Доброта важнее ритуала
Третью историю рассказал приятель, попросив, если буду об этом писать, не указывать где именно она произошла. Пожилые иммигранты, муж с женой, назовём их Ева и Григорий Штильман, приехали в Германию из Украины по еврейской линии. Штильманы люди верующие, но Ева неожиданно тяжело заболела и им было не до вступления в общину. Примерно, через десять месяцев после приезда Ева умерла, и Григорий обратился в общину с просьбой похоронить её на еврейском кладбище. Председатель правления ответил категорическим отказом: «Она не была членом общины и не платила членские взносы. Не положено». Не помогли ни разговор с раввином, ни обращение в правление. И раввин, и члены правления говорили о том, что хоронить на еврейском кладбище можно только членов общины или членов их семьи. Итак, сначала вступите, а потом хороните. «Утром стулья-вечером деньги»
Вспоминается история, о которой я как-то писал в «Еврейской газете». Тогда правление общины запретило жене возложить цветы на могилу мужа: «По еврейским законам не положено. Только камешки». Камешки вдову не устраивали. Я выступил на стороне женщины, посчитав, что «не человек для Субботы, а Суббота для человека». Другими словами, что доброта важнее ритуала и, как писал известный раввин Тёлушкин: «… человеческое важнее божественного».
Итак, почему?
Вернёмся к вопросу, вынесенному в заголовок.
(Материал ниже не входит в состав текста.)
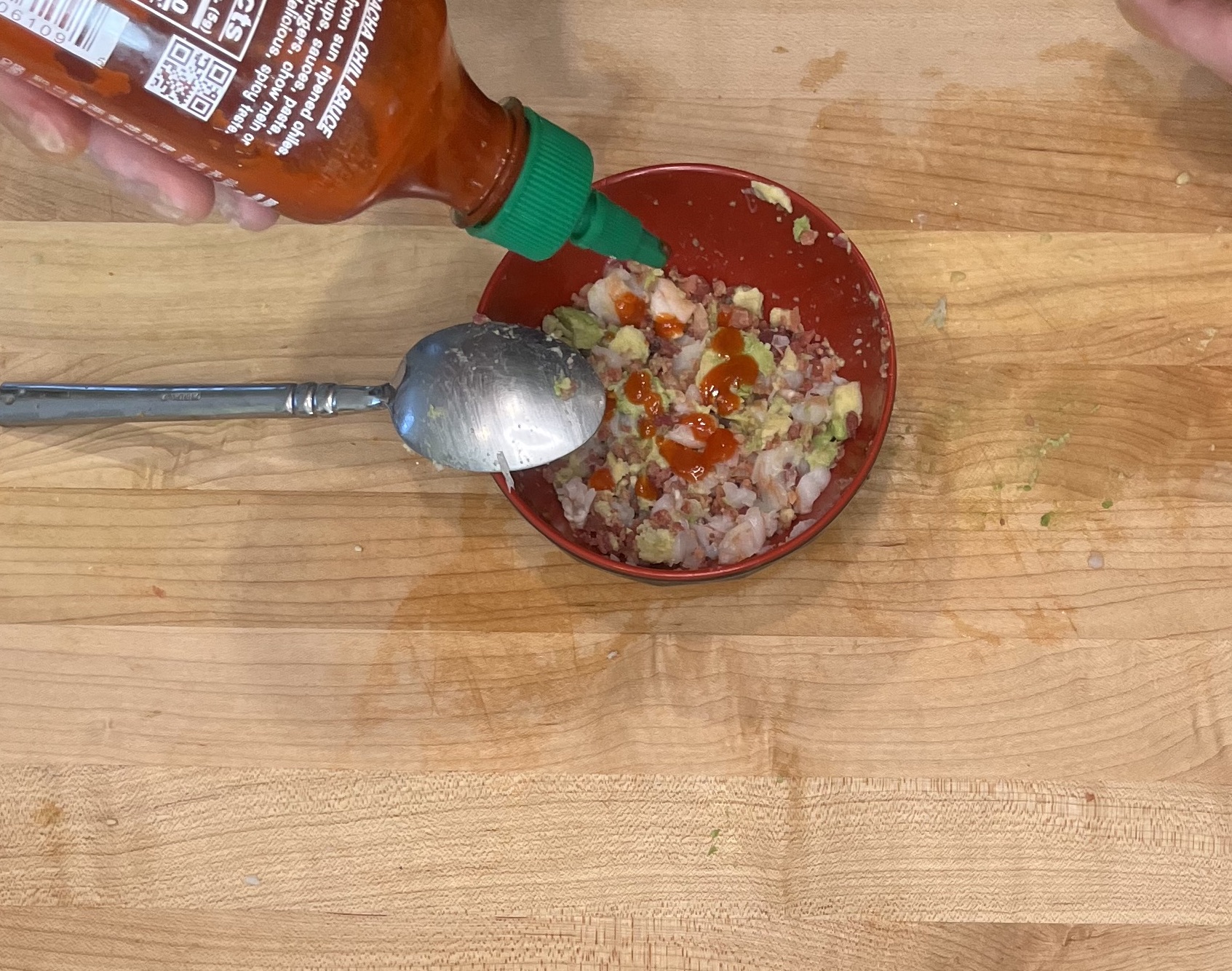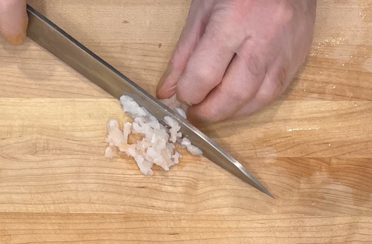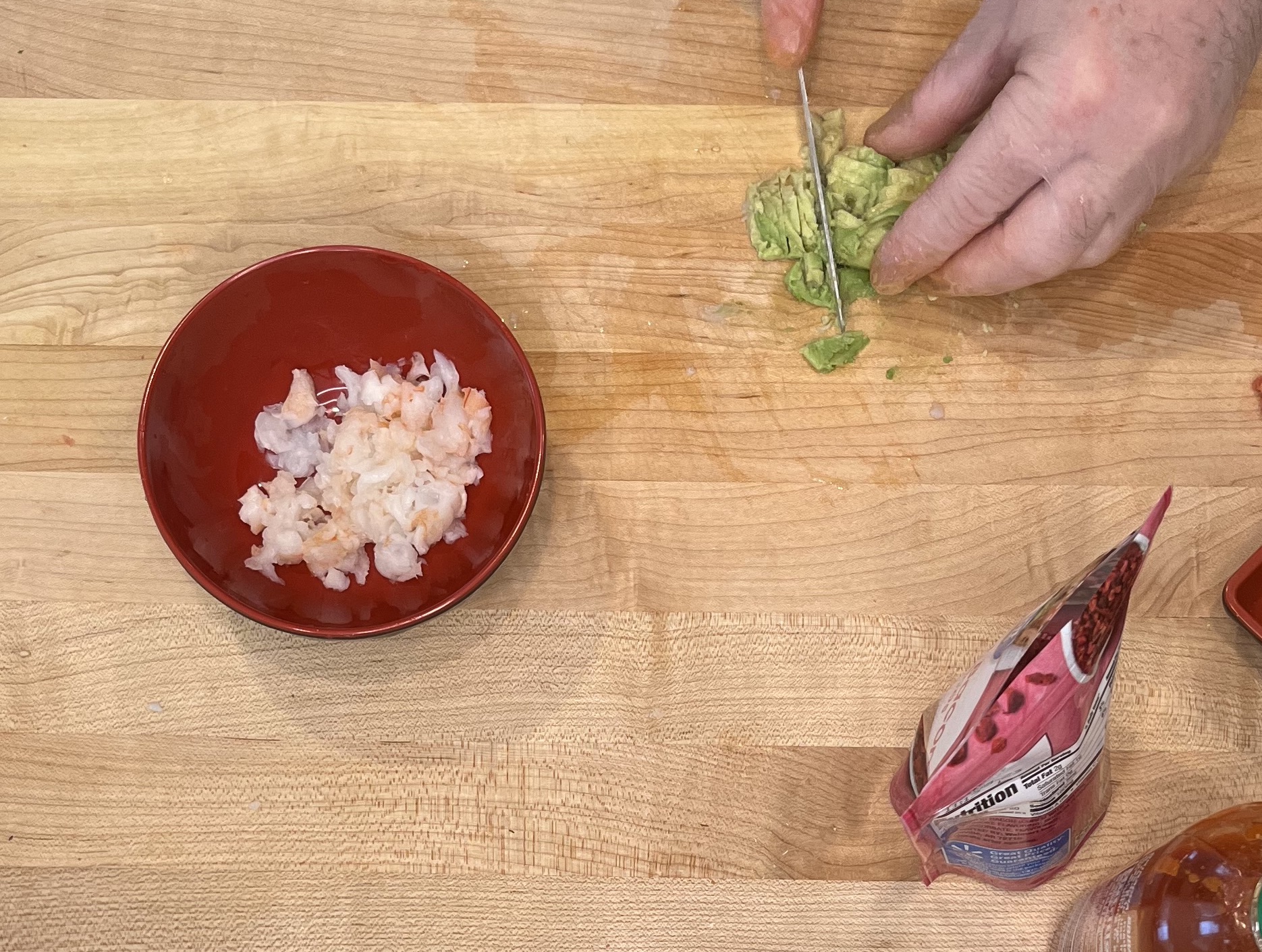 Begin by chopping up large shrimp. The larger the shrimp the better the flavor. It is nearly impossible to have great tasting sushi when using small shrimp.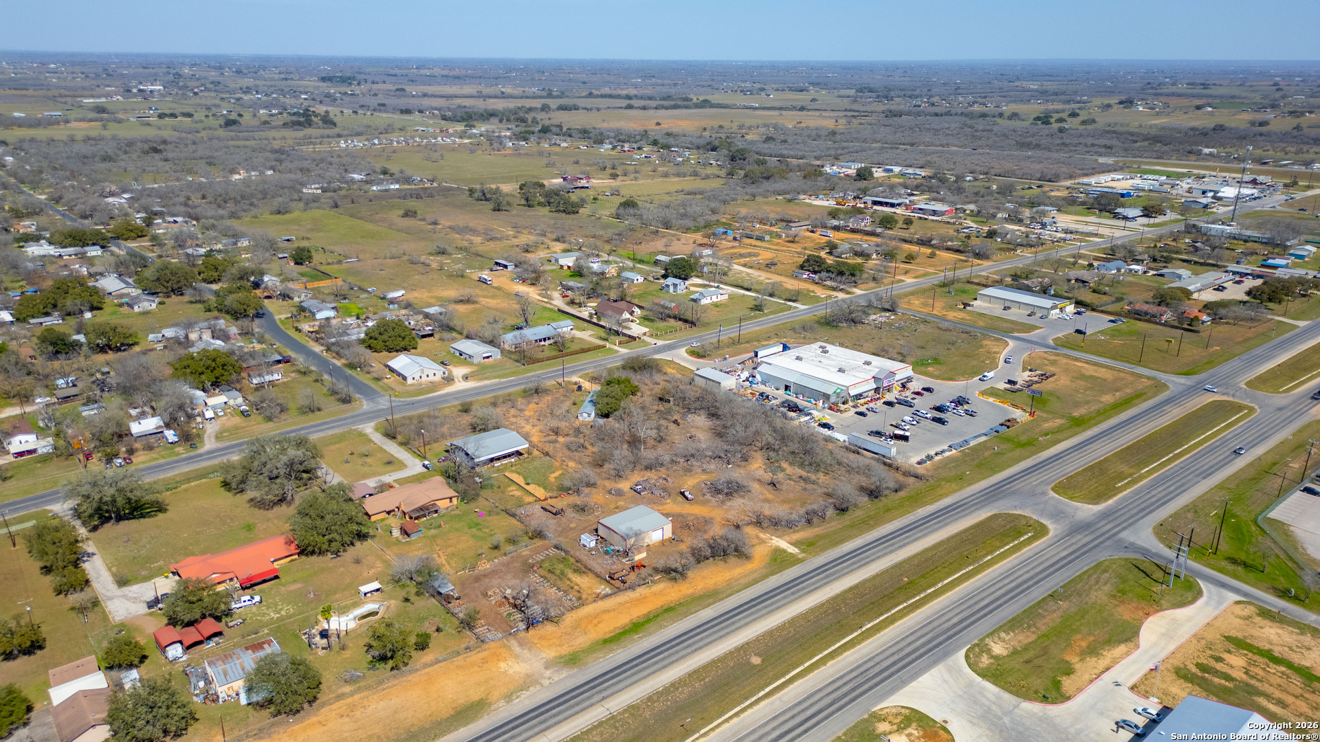 4.5+ Acres with PRIME frontage to Hwy 87 and Loop 107. Access from both sides!! Perfect for any type of business. Not in the City Limits of San Antonio. This property also includes a 2077sqft Rock home. Neighboring Tractor Supply. Hwy 87 is heavily traveled with so many new neighborhoods and businesses moving in just within a few miles.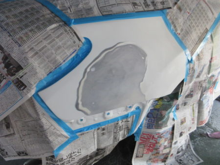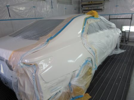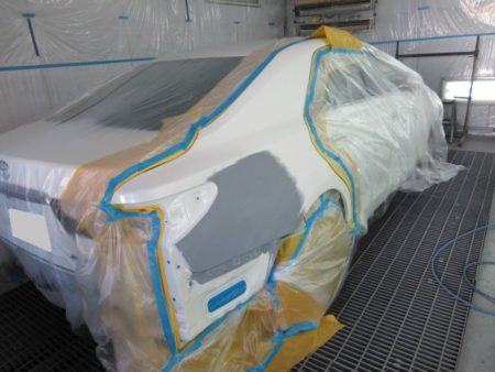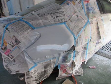 塗装面の足付けと塗装面の油汚れやワックス分をしっかり落とす脱脂を行い、塗装面以外を塗料の飛散による汚れを防止する為に専用のシートでマスキングを行います。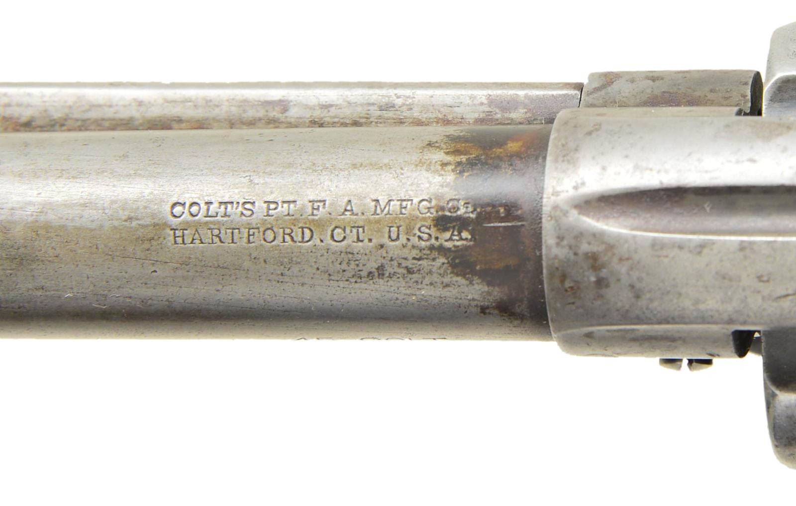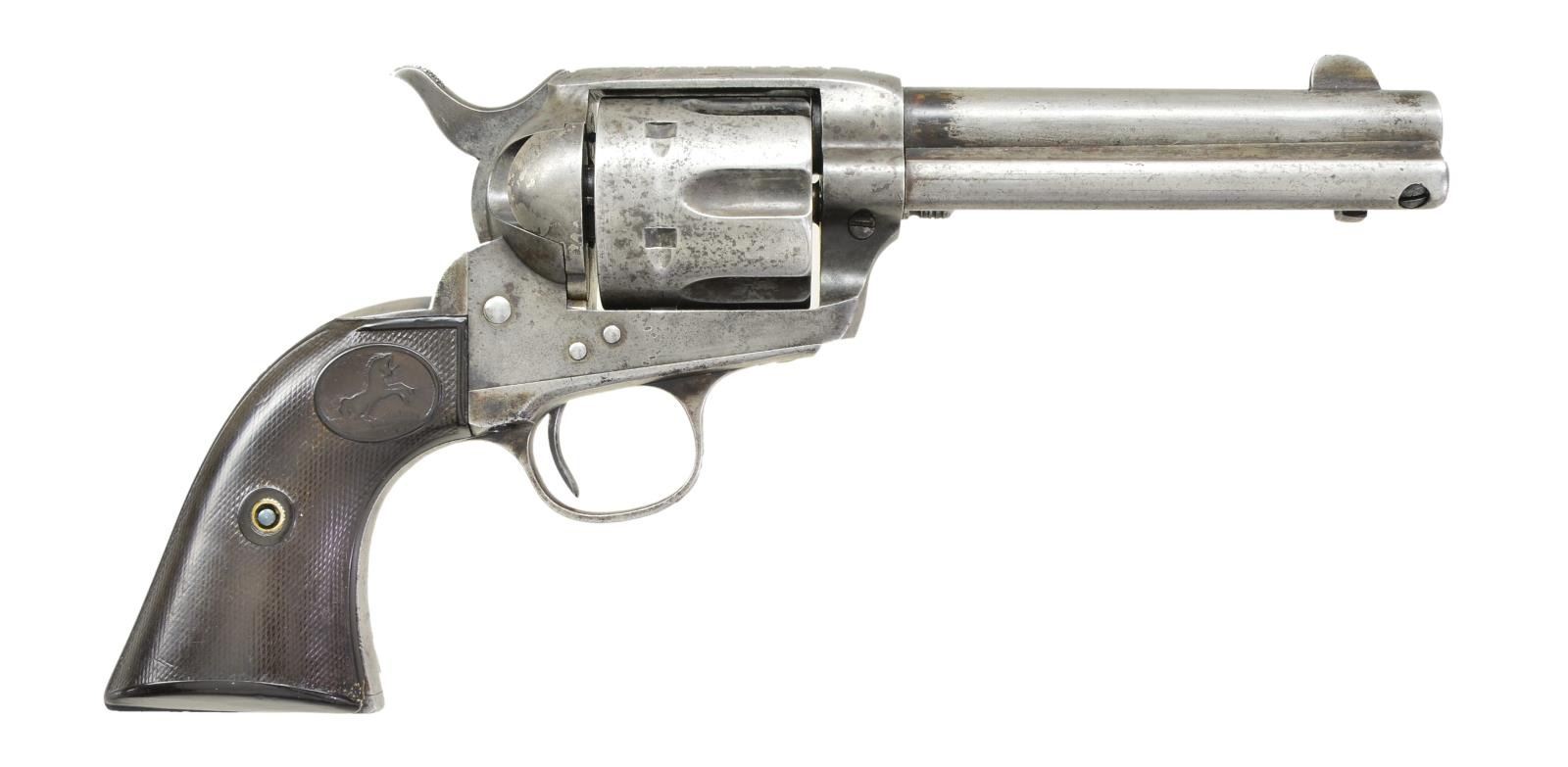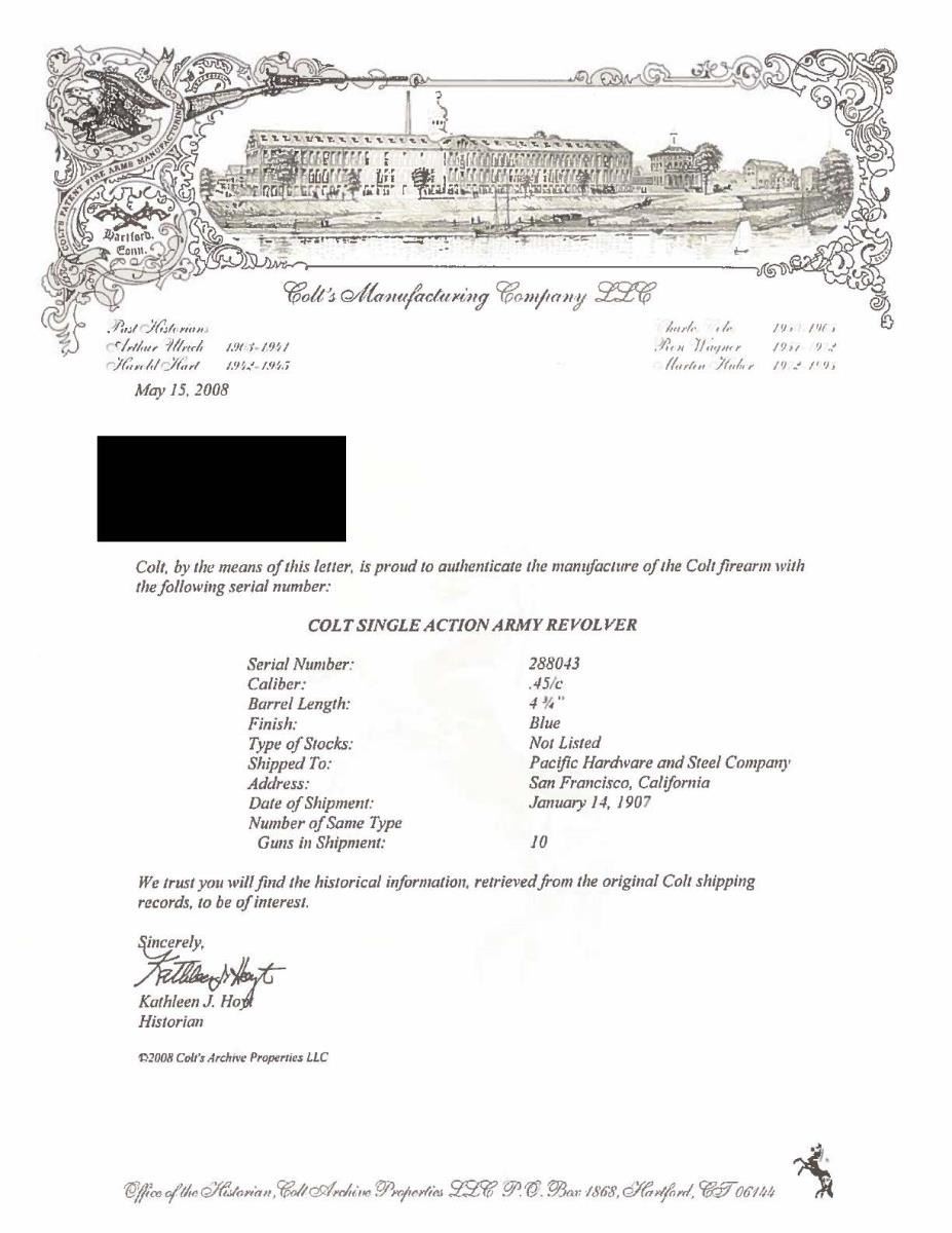 Cal. 45 Colt. S# 288043. Bbl. 4-3/4" Six shot fluted cyl. Blue & case colored finish. Two piece checkered hard rubber rampant colt grips. UNATACCHED ACCESSORIES: Colt Mfg. Co. letter stating: Serial Number: 288043 / Caliber: .45/c / Barrel Length: 4 3/4" / Finish: Blue / Type of Stocks: Not Listed / Shipped To: Pacific Hardware and Steel Company / San Francisco, California / Date of Shipment: January 14, 1907 / Number of Same Type Guns in Shipment: 10. CONDITION: Metal has faded to gray showing scattered dark spotting. Grips are worn with small chips at toe, right panel is cracked along front grip strap. Cyl timing is very slightly slow. Bore retains sound rifling showing scattered pitting. (22-2863/DS). CURIO. $1800-2400.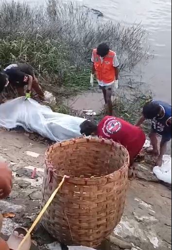 “ကျွန်တော်တို့လည်း အလောင်းတွေ့တယ်ဆိုလို့ အကြောင်းကြားလို့ သွားဆယ်တာ။ ရေထဲမှောက်လျက်ကြီး ပေါ်နေတာ။ ဆွဲလှန်လိုက်မှ အဲဒီလိုတိုင်ကိုခွ ကြိုးတုပ်ထားမှန်းသိတာ။ အသက် ၃၀၊ ၄၀ လောက်တော့ ခန့်မှန်းရတယ်။ တခြားဘာဒဏ်ရာတွေရှိလဲတော့ မစစ်ကြည့်မိဘူး။ မြန်မြန်ပဲ သယ်ပြီး သက်ဆိုင်ရာတွေဆောင်ရွက်နိုင်ဖို့ ဆေးရုံအမြန်ပို့ခဲ့တယ်” လို့ ရာမညအရေးပေါ်လူမှုကယ်ဆယ်ရေးနှင့်ရှာဖွေကယ်ဆယ်ရေးအဖွဲ့မှ တာဝန်ရှိသူက MT News ကဆက်သွယ်မေးမြန်းတာကို ပြန်လည်ဖြေကြားပါတယ်။

Помогают ли три, приведённые здесь истории, на него ответить. На мой взгляд, помогают. Евреи уходят из общины потому, что похожие истории происходят повсеместно. Почти каждый член еврейской общины может рассказать нечто в том же ключе.
И ещё одно почему. Почему подобные истории стали обычным делом в жизни еврейских общин Германии? Вижу две причины: автономность и, значит, отсутствие контроля за действиями руководства общины и зависимость общины от государственного финансирования. Уверен, что если каждый цент, получаемый общиной, будет под контролем, то количество религиозных функционеров типа Ледермана резко уменьшится. Да и трудно себе представить, чтобы в таких общинах раввином смог бы стать мошенник вроде господина Гольдшмидта.
Заканчиваю оптимистично. В Германии становится всё больше обеспеченных евреев. Значит, всё больше будет общин, существующих на членские взносы и частные пожертвования. И тогда прекратится мышиная возня вокруг халявных денег. Общины станут богатыми и чистыми.
Но без ложки дёгтя не обойтись. Если, конечно, к тому времени новое поколение евреев придёт в общину. Сегодня подавляющее большинство её членов — пожилые люди.